Гранты. Работа была проведена при содействии Государственного контракта Э0029 «Экспедиционные исследования микроорганизмов промзоны нефтехимического производства», ФЦП «Интеграция науки высшего образования России на 2002-2006 годы», РФФИ-Агидель 02-04-97911, гранта Программы фундаментальных исследований Президиума РАН «Биоразнообразие» и программы Президиума РАН «Поддержка молодых ученых».

Публикации. Результаты диссертации изложены в 10 печатных работах, в том числе 3 статьях и публикации в базе данных NCBI (Microbial Genomes section of GenBank).

Структура и объем работы. Работа состоит из введения, обзора литературы, описания материалов и методов, обсуждения результатов исследований, выводов, списка цитированной литературы. Диссертация изложена на 111 страницах, содержит 30 рисунков и 18 таблиц. Библиография включает 179 источников.

ОБЪЕКТЫ И МЕТОДЫ ИССЛЕДОВАНИЙ Для исследования была выбрана плазмида pAH 36-4CPA штамма Citrobacter hydrophyla IBRB-36 4CPA, выделенного из образцов почв промзоны г. Уфы. Штамм был идентифицирован согласно критериев молекулярной классификации по последовательности 16S рРНК.

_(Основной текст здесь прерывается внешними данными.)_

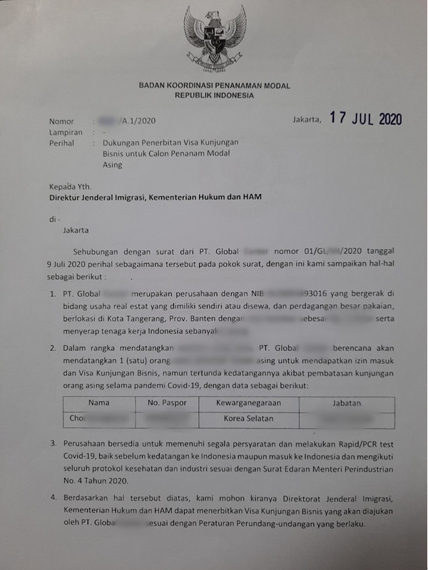 아직 인도네시아는 일일 코로나 확진자가 일 평균 1,600여명을 상회하는 가운데인니 정부는, 조심스럽게 신 뉴노멀 정책을 시행하고 있으며, 투자청의 신규비자는 국가 주요 프로젝트나 주요 사업에 한해 투자청에서 심사하여 비자 발급을 받을 수 있는 보증서를 발급해 주고 있습니다.
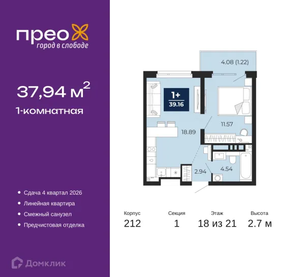 1 комн. квартира в Тюмени в ипотеку от 41 261 руб/месяц
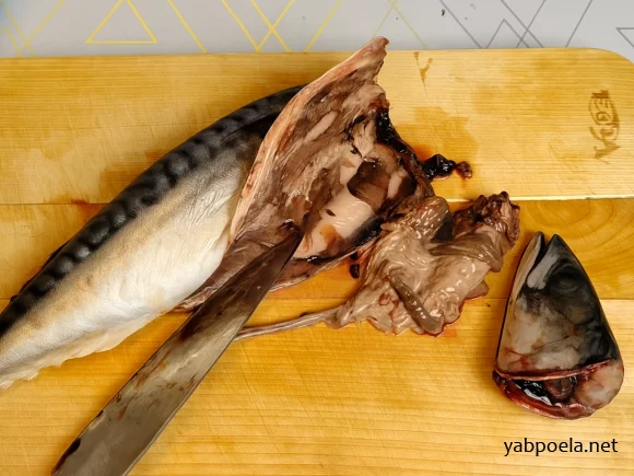 Пока маринад остывает, почистите скумбрию: удалите голову, выпотрошите, промойте брюшко и уберите все темные пленки. Хорошо ополосните под водой.
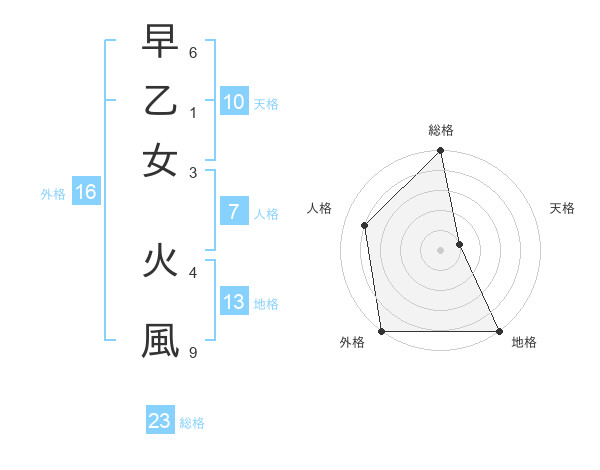 早乙女 火風さんを姓名の画数から五運を鑑定
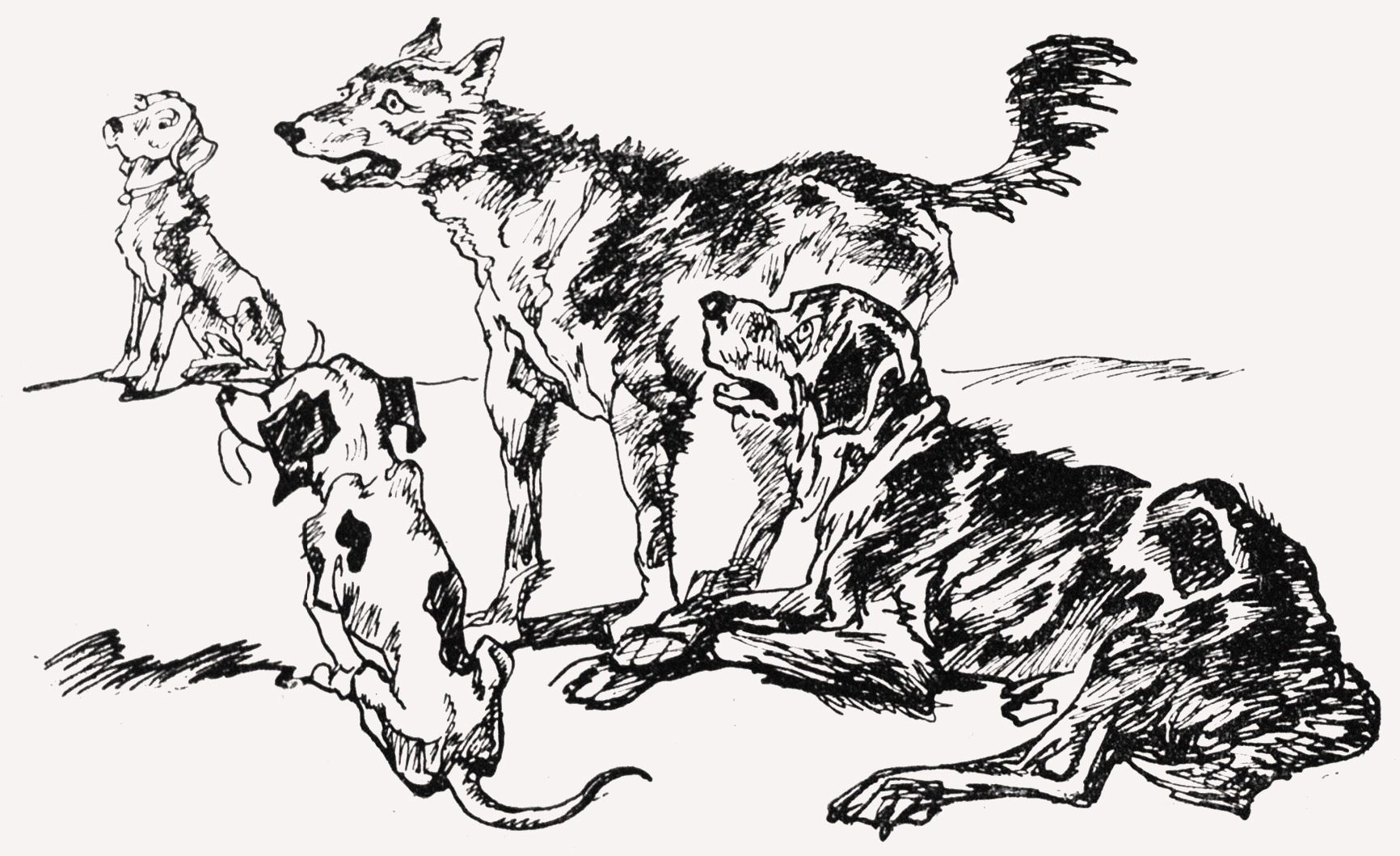 Но кто-то преграждает ему путь, обрывает веселую игру. Не понимая в чем дело, Дружок останавливается, на бегу упершись в землю лапами, прозрачная слюна повисает у края раскрытой пасти. Темный, хмурый неумолимый перед ним Нерон. Его морда широка, челюсти сжаты, глаза блестят тусклым красным пламенем, прокушенные изорванные уши прижаты к голому черепу, колюче щетинятся остатки шерсти на спине, и голый хвост подогнут под присевшие задние ноги.

Для выделения плазмидной ДНК применяли методику Бирнбойма-Доли (Birnboim and Doly, 1979). Рестрикционный анализ плазмидной ДНК проводился по стандартной методике (Маниатис и др., 1984). Размеры фрагментов ДНК устанавливали с использованием пакета программ Gel Analysis. Для определения устойчивости штамма к антибиотикам применяли метод диффузии в агар с применением дисков (Лабинская, 1978). Определение устойчивости штамма к тяжелым металлам проводили с использованием селективных сред. Конъюгацию клеток бактерий осуществляли согласно указаниям, изложенным в руководстве «Методы общей бактериологии» (1984).

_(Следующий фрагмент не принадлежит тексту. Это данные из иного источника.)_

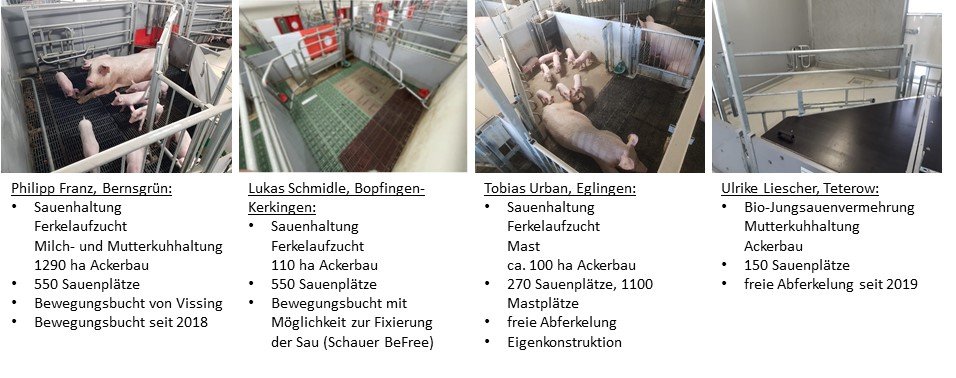 Bevor die Referierenden auf ihre Erfahrungen zu sprechen kamen, stellten sie ihren Betrieb kurz vor. Dabei wurde ersichtlich, dass die Systeme Bewegungsbucht und freie Abferkelung funktionieren und in den verschiedenen Betriebsstrukturen damit gearbeitet wird. Alle vier Landwirte betonten immer wieder, dass das Gelingen der Umstellung nur dann reibungslos funktioniert, wenn das neue System mit einer positiven Grundeinstellung angegangen wird.

В качестве векторной системы для создания библиотеки генов плазмиды pAH 36-4CPA брали вектор pGEM-3Zf(+) Promega (США). Компетентные клетки E. coli готовили по стандартной методике (Sambrook et al., 1989).

Определение последовательностей выполнялось с использованием универсальных секвенирующих праймеров M13(F) и M13(R). Реакции проводили по методу Сенгера (Sanger et al., 1977) с использованием набора Silver Sequencing (Promega, США) на приборе SQ3 Sequencer (Hoefer, США), допуская незначительные модификации согласно рекомендациям производителя. Автоматическое секвенирование клонированных фрагментов плазмиды pAH364CPA выполняли с помощью набора BigDye®Terminator v3.Cycle Sequencing Kit (Applied Biosystems, США), на приборе DNA Analyzes 3730, (Applied Biosystems, США) согласно рекомендациям производителя.

Первичный сравнительный анализ последовательностей с последовательностями из базы данных GenBank проводили с помощью пакета программ BLAST.

РЕЗУЛЬТАТЫ И ИХ ОБСУЖДЕНИЕ Рестрикционный анализ плазмиды pAH 36-4CPA штамма Citrobacter hydrophila IBRB 36 4CPA В начале исследований из клеток Citrobacter hydrophila IBRB-36 4CPA был получен препарат плазмиды pAH 36-4CPA. На основе RFLP-анализа (restriction fragment length polymorphism) с использованием BamHI, HincII и PvuII ферментов была построена рестрикционная карта изучаемой плазмиды, позволяющая разработать стратегию ее секвенирования (Рис.1).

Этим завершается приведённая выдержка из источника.